我有一个场景,我有2个减速器是combineReducers的结果。我想将它们组合在一起,但在嵌套时将它们的键保持在同一级别。
例如,给出以下减速器
const reducerA = combineReducers({ reducerA1, reducerA2 })
const reducerB = combineReducers{{ reducerB1, reducerB2 })
我希望最终得到一个结构:
{
reducerA1: ...,
reducerA2: ...,
reducerB1: ...,
reducerB2: ...
}
如果我在combineReducers和reducerA再次使用reducerB,请执行以下操作:
const reducer = combineReducers({ reducerA, reducersB })
我最终得到的结构如下:
{
reducerA: {
reducerA1: ...,
reducerA2: ...
},
reducerB: {
reducerB1: ...,
reducerB2: ...
}
}
我无法将reducerA1,reducerA2,reducerB1和reducerB2合并为combineReducers reducerA和reducerB已经提供给我已经从不同的npm包中组合。
我尝试使用reduce-reducers库将它们组合在一起并将状态缩小在一起,这是我从redux docs看到的一个想法,如下所示:
const reducer = reduceReducers(reducerA, reducerB)
不幸的是,这不起作用,因为combineReducers生成器生成的reducer会在找到未知键时发出警告,并在返回状态时忽略它们,因此生成的结构只包含reducerB的结果:
{
reducerB1: ...,
reducerB2: ...
}
我真的不想实现我自己的combineReducers如果我不必如此严格执行结构,所以我希望有人知道另一种方式,无论是内置的redux或来自图书馆,可以帮助我解决这个问题。有什么想法吗?
提供了一个答案(现在似乎已被删除)建议使用flat-combine-reducers库:
const reducer = flatCombineReducers(reducerA, reducerB)
这比reduce-reducers更接近一步,因为它设法保持状态不受reducerA和reducerB的影响,但警告消息仍在产生,这让我想知道是否我之前观察到的消失状态不是combineReducers抛弃它,而是还有其他一些与reduce-reducers实现相关的东西。
警告信息为:
意外键“reducerB1”,“reducerB2”在减速器收到的先前状态中找到。预计会找到一个已知的减速器键:“reducerA1”,“reducerA2”。意外的密钥将被忽略。
在reducer收到的先前状态中发现意外键“reducerA1”,“reducerA2”。预计会找到一个已知的减速器键:“reducerB1”,“reducerB2”。
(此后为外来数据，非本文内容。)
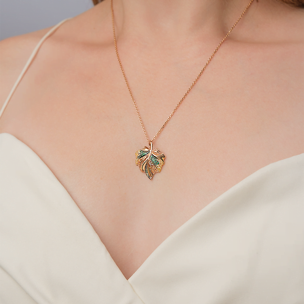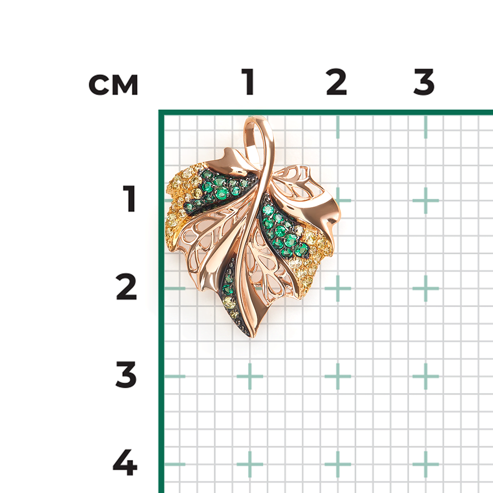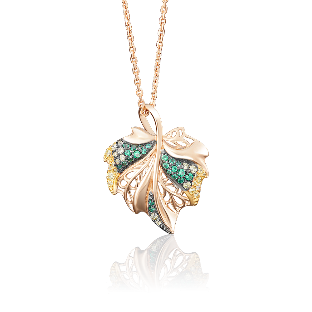 Подвеска «Лист» из красного золота с фианитами

意外的密钥将被忽略。
如果我进行生产构建,则警告消失(这是许多反应/减少警告的方式),但我宁愿它们根本不出现。
我还做了一些其他库的搜索,发现了redux-concatenate-reducers:
const reducer = concatenateReducers([reducerA, reducerB])
这与flat-combine-reducers的结果相同,因此继续搜索。
现在有些人已经提出了一些建议但到目前为止还没有任何建议,所以这里有一个测试可以帮助:
import { combineReducers, createStore } from 'redux'
describe('Sample Tests', () => {
const reducerA1 = (state = 0) => state
const reducerA2 = (state = { test: "value1"}) => state
const reducerB1 = (state = [ "value" ]) => state
const reducerB2 = (state = { test: "value2"}) => state
const reducerA = combineReducers({ reducerA1, reducerA2 })
const reducerB = combineReducers({ reducerB1, reducerB2 })
const mergeReducers = (...reducers) => (state, action) => {
return /* your attempt goes here */
}
it('should merge reducers', () => {
const reducer = mergeReducers(reducerA, reducerB)
const store = createStore(reducer)
const state = store.getState()
const expectedState = {
reducerA1: 0,
reducerA2: {
test: "value1"
},
reducerB1: [ "value" ],
reducerB2: {
test: "value2"
}
}
expect(state).to.deep.equal(expectedState)
})
})
目标是让此测试通过 AND 在控制台中不产生任何警告。
添加了更多测试以涵盖更多案例,包括在初始创建后处理操作以及是否以初始状态创建商店。
import { combineReducers, createStore } from 'redux'
describe('Sample Tests', () => {
const reducerA1 = (state = 0) => state
const reducerA2 = (state = { test: "valueA" }) => state
const reducerB1 = (state = [ "value" ]) => state
const reducerB2 = (state = {}, action) => action.type == 'ADD_STATE' ? { ...state, test: (state.test || "value") + "B" } : state
const reducerA = combineReducers({ reducerA1, reducerA2 })
const reducerB = combineReducers({ reducerB1, reducerB2 })
// from Javaguru's answer
const mergeReducers = (reducer1, reducer2) => (state, action) => ({
...state,
...reducer1(state, action),
...reducer2(state, action)
})
it('should merge combined reducers', () => {
const reducer = mergeReducers(reducerA, reducerB)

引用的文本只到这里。